The agent reads this like it reads code. It can check whether the compose button exists, whether the inbox has rows, whether the labels are meaningful. All of it gets evaluated against the criteria from Step 1.

For criteria that need a different screen, the agent notes what it can observe and flags that manual navigation is still needed.

Step 4: Accessibility Audit

This happens as a side effect of Step 3, not as a separate pass. While inspecting the view hierarchy for each criterion, the agent checks for interactive elements (buttons, toggles, links, text fields) that are missing accessibilityLabel. A tappable button with no label means VoiceOver reads the raw image name or nothing at all.

Missing accessibility labels on interactive elements fail the verification. This is intentional: accessibility is a first-class requirement, not a nice-to-have. An agent that verifies a feature works but misses that half the buttons are inaccessible hasn’t done its job.
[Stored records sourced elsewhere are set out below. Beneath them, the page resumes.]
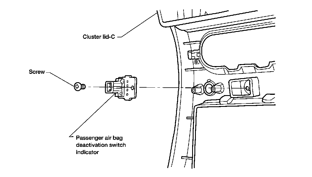 2. Remove one screw and remove passenger air bag deactivation switch indicator.
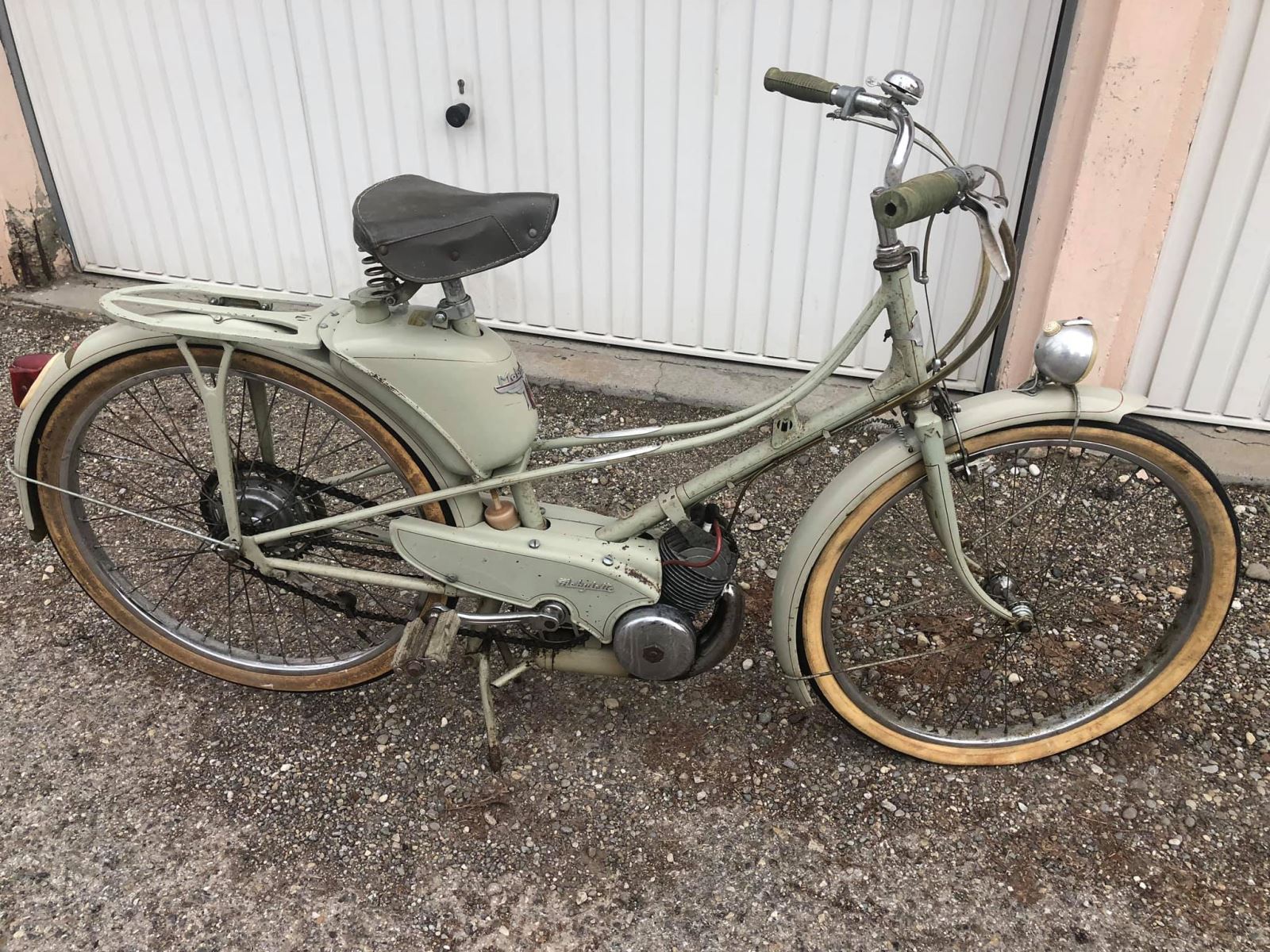 Xe mobylet đời 1950 rin từ nước sơn đến từng con ốc vít .
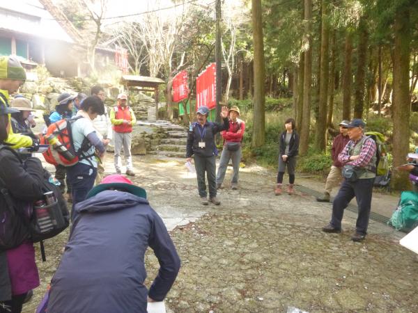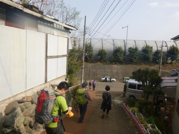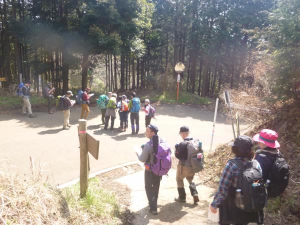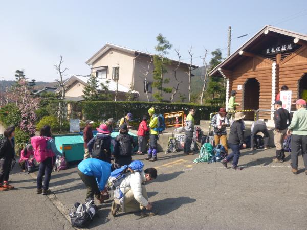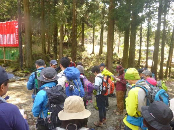 蓑毛バス停に到着して、準備を済まして出発。すぐ先にある神社前の広場にて
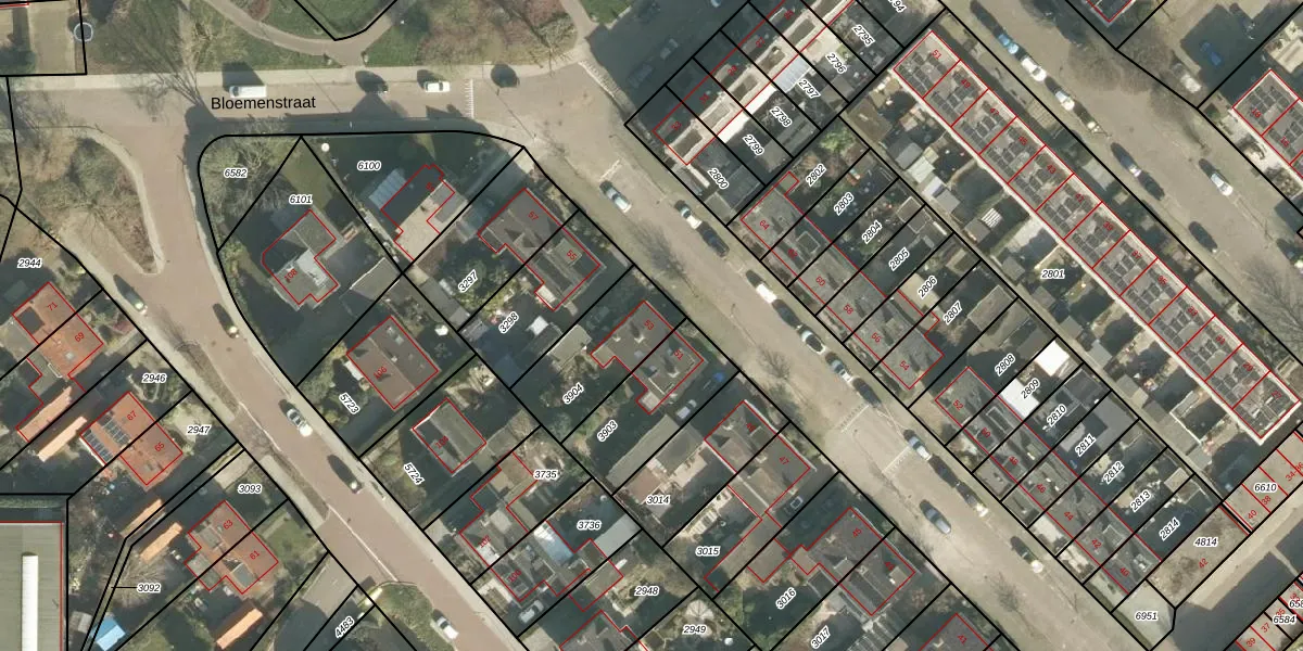 Het perceel waarop Bloemenstraat 53 staat heeft een oppervlakte van 310 m². Dit is een groot perceel. De perceeloppervlakte wordt geregistreerd door het Kadaster. Gedetailleerde informatie over de maten van dit perceel kunt u vinden in het rapport Kadastrale kaart met maatvoering van Bloemenstraat 53.

If the accessibility issues are unrelated to the current change (pre-existing gaps), they’re reported separately as “file an issue” recommendations rather than failing the verification.

Step 5: Report

The agent stops video recording and produces a structured report:

## Verification Report

**Change:** Add CC/BCC toggle to compose view
**Verdict:** PASS

### Test Criteria Results
| # | Criterion | Result | Notes |
|---|-----------|--------|-------|
| 1 | Compose screen renders with To field | PASS | Screenshot 1 |
| 2 | CC/BCC fields appear on toggle | PASS | Screenshot 2 |
| 3 | Keyboard appears on body tap | PASS | Screenshot 3 |

### Video Recording
Saved to: `/tmp/ios-verify-compose-ccbcc-2026-03-19.mp4`

### Accessibility Issues
- FloatingActionButton: missing accessibilityLabel (pre-existing)

### Recommendations
- File issue for FloatingActionButton a11y label

The video is ephemeral (/tmp/) but useful for attaching to a PR. The screenshots serve as quick-reference evidence.

What This Doesn’t Do

This is not a replacement for UI automation. Full end-to-end flows (tap this, navigate there, assert that) require XCUITest or Maestro. This skill only observes static screen state, which is simpler and more reliable.
This is not a replacement for unit tests. The skill verifies that the UI renders correctly. It doesn’t test business logic, state transitions, or error handling.
This requires a buildable project. If make build fails, the whole workflow fails. The CLI tooling foundation needs to be solid first.

Why It Matters

Without this skill, the agent writes code, confirms it compiles, and hands it to you. You’re the quality gate. With it, the agent goes further: it launches the app, looks at the result, checks accessibility, and hands you a report with screenshots and video. You’re still the final reviewer, but you’re reviewing evidence rather than running the app yourself for the first time.

The accessibility audit is the part I didn’t expect to be so valuable. Before this skill, accessibility was something we checked when we remembered to. Now every verification run checks it automatically. We catch far more a11y issues early, and none of it required adding a separate step to anyone’s workflow.